Failure model (all loud, all located)
Orphan (no enclosing ModelConfig (ancestors here: ...)), cycles (both ends named), markers
smuggled outside field slots (root sweep names the path), pending reads, draft dumps, and
resolver exceptions are all ValidationError/UnsetError/DraftError carrying the dotted
path, owning Cls.field, and the lambda's file:line site.
Rules for generated code
- Do NOT use
from __future__ import annotations (the library does not): annotations are
eager, matching notebook semantics and pydantic's resolution; quote forward references
explicitly (def helper(cfg: "TrainConfig")).
- Type checker: basedpyright.
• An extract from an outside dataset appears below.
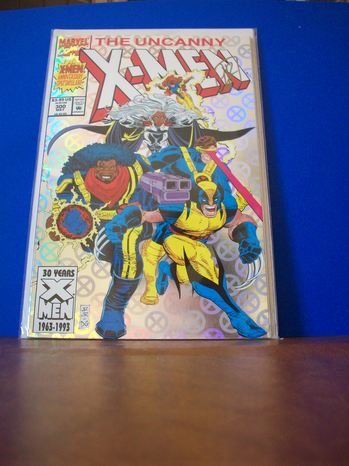 Numero 300 di Uncanny X-Men, con copertina olografica, autografato dal mostro sacro dei fumetti John Romita Jr. (in alto a destra, sulla "n" di "men")

The lambda's RETURN type is checked at both slots; the lambda
body is dynamically typed (
c navigations return Any), like pydantic's default_factory.
- Verb names: a user field named exactly
config_finalize (etc.) takes full priority and
the method vanishes for that class; module verbs (C.finalize) always work. config_*
fields like config_name are NOT policed: no warnings, ever.
- Direct construction does not see ancestors:
LNConfig() with an ancestor-needing rule fails
loudly; use the draft path or pass the value explicitly.